There's nothing more annoying than being out of hot water when you need it most. But if you're ready to assess what's going on, there's typically a few simple reasons your home is lacking in hot water—and they all have to do with your hot water heater—naturally. Here's some common culprits:

Your Hot Water Heater is too Small

If you've moved into a home where your family is bigger than the previous owner's family, your family has grown in number over time, or the hot water heater wasn't the right size to begin with, it explains why you run out of hot water. Your hot water heater is not meeting your home's—and its occupant's—needs. If the water heater is over ten years old, it's probably a no brainer to replace it. But you need one with a tank size that meets your hot water requirements.

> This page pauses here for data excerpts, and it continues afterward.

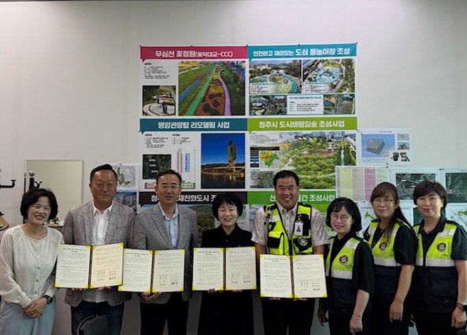협약식에는 풍연숙 공원산림본부장, 한효동 청주시응급구조지원민방위대 대장, 정성채 (주)이플랜 대표, 박용준 주성아트플랜(주) 대표가 참석했다.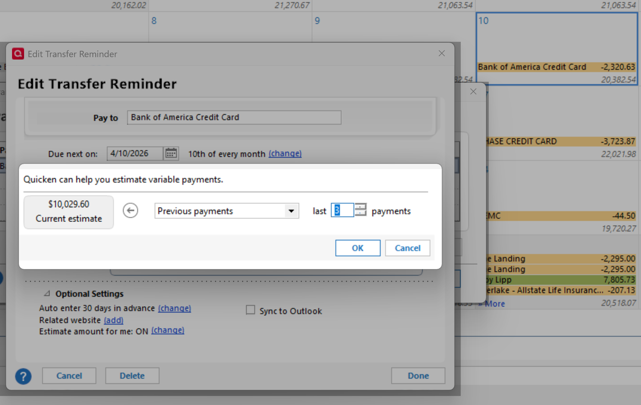 Quicken Classic user. My monthly bills are not adjusting, even though they are set up to be adjusted based on the previous 3 months' payments. Always the same $ amount every month. This has been going on forever, even though all my settings are correct. I've even deleted the reminder and entered a new one, and it never adjusts.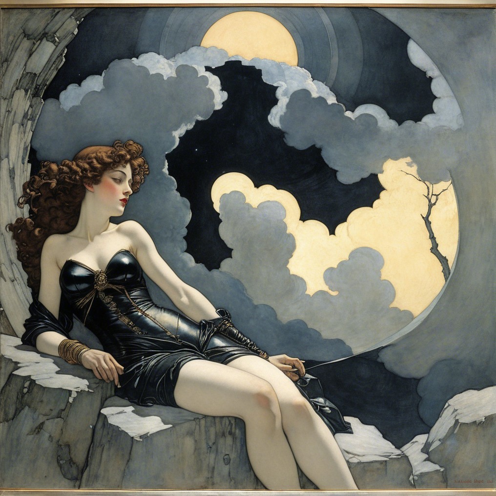 A woman with flowing hair sits elegantly, bound lightly, against a surreal backdrop of two large moons. She gazes intently, blending beauty with an air of mystery and tension.

Shop for a new water heater with a first hour rating (FHR) that's within a couple gallons of your peak hour demand. The FHR is the number of gallons the hot water heater will provide per hour when it's full. You can find the FHR on the yellow Energy Label sticker on the side of hot water heater models at your home store.

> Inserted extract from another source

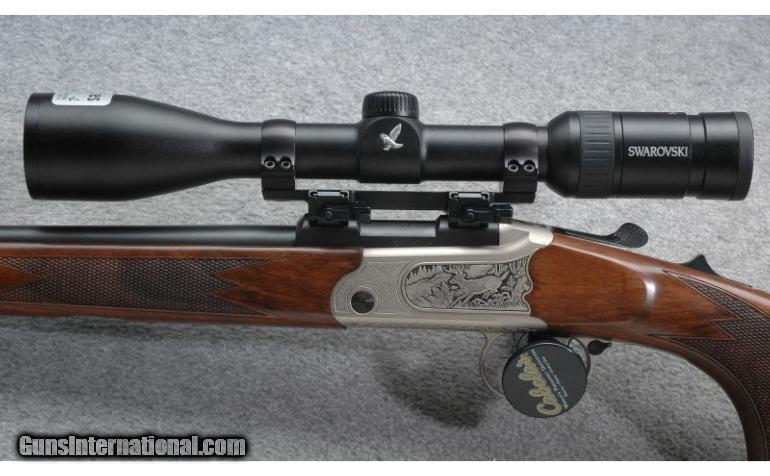 Description: Beautiful Merkel K3 Rifle. Mannlicher style stock and engraved receiver. Very light hunting rifle. Like new Swarovski Z3 scope. SOLD Caliber Info: 7mm-08 Remington Chambers: Single shot rifle Metal Condition: Excellent Wood Condition: Excellent Bore Condition: Excellent Barrels: 20 Inches Stock: Checkered pistol grip stock with Bavarian style cheek piece and a right hand palm swell. Stock Dimensions: 14 1/4" LOP. Fore End: Checkered Mannlicher style fore end. Butt Pad: Rubber butt pad. Weight: 6 lbs. 6 oz. as pictured. Sights: Swarovski Z3 3-10X42mm scope with a quick disconnect base. Also has a rear 3 dot and a red fiber optic front sight. Extras: Includes the box, scope cover and manuals. Item Location: Lone Tree, CO |

Hard water—that's water packed with minerals like calcium carbonate—builds up in your hot water tank over time and forms a sludge-like sediment. Left unchecked, that sludge builds up in the water heater's tank allowing the sediment to hog the space where water is stored, so less gets heated.

The cure is to flush the sediment out of the hot water tank yearly. Sediment build up not only shortens your available hot water supply but can up your energy bills since your heater has to work harder to heat water, plus, it puts excessive wear and tear on your tank.

Home services reviewer Angie's List says you can hire a technician to drain it or hook a garden hose to the hot water heater and drain and flush the sediment yourself. Here's how:

1. Turn off power or gas to water heater.

2. Turn off the cold water supply valve that allows water into the tank.

3. Hook a garden hose to the drain valve on the bottom of the tank and run it to a bathtub or outside.

4. Open drain valve next to the hose.

5. Open pressure relief valve at top of tank by pulling it upward.

6. Allow water to drain.

7. When the tank is empty, open cold water valve for several minutes to flush sediment.

8. Close drain valve and pressure relief valve and let the tank fill with fresh water.

9. Re-light pilot light for gas heaters or if electric, flip the breaker back on to restore power.

Broken Dip Tube

Inside your hot water heater, the dip tube shoots cold water to the bottom of the tank where heating elements warm it and send it onward to your pipes. If that dip tube breaks, water can shoot in without ever making it to the heating elements to be warmed.You can spot a suspected broken dip tube because you'll find small bits of plastic clogging strainers, shower heads or appliance filter screens like the washing machine. R.I.P plastic dip tube!

If you find plastic pieces clogging your faucets, contact a professional technician to replace your dip tube—best not to DIY in this case.

These are three of the most common reasons your home has trouble making enough hot water. Hopefully, with a small repair or replacement, everyone in your home will be in hot water again soon.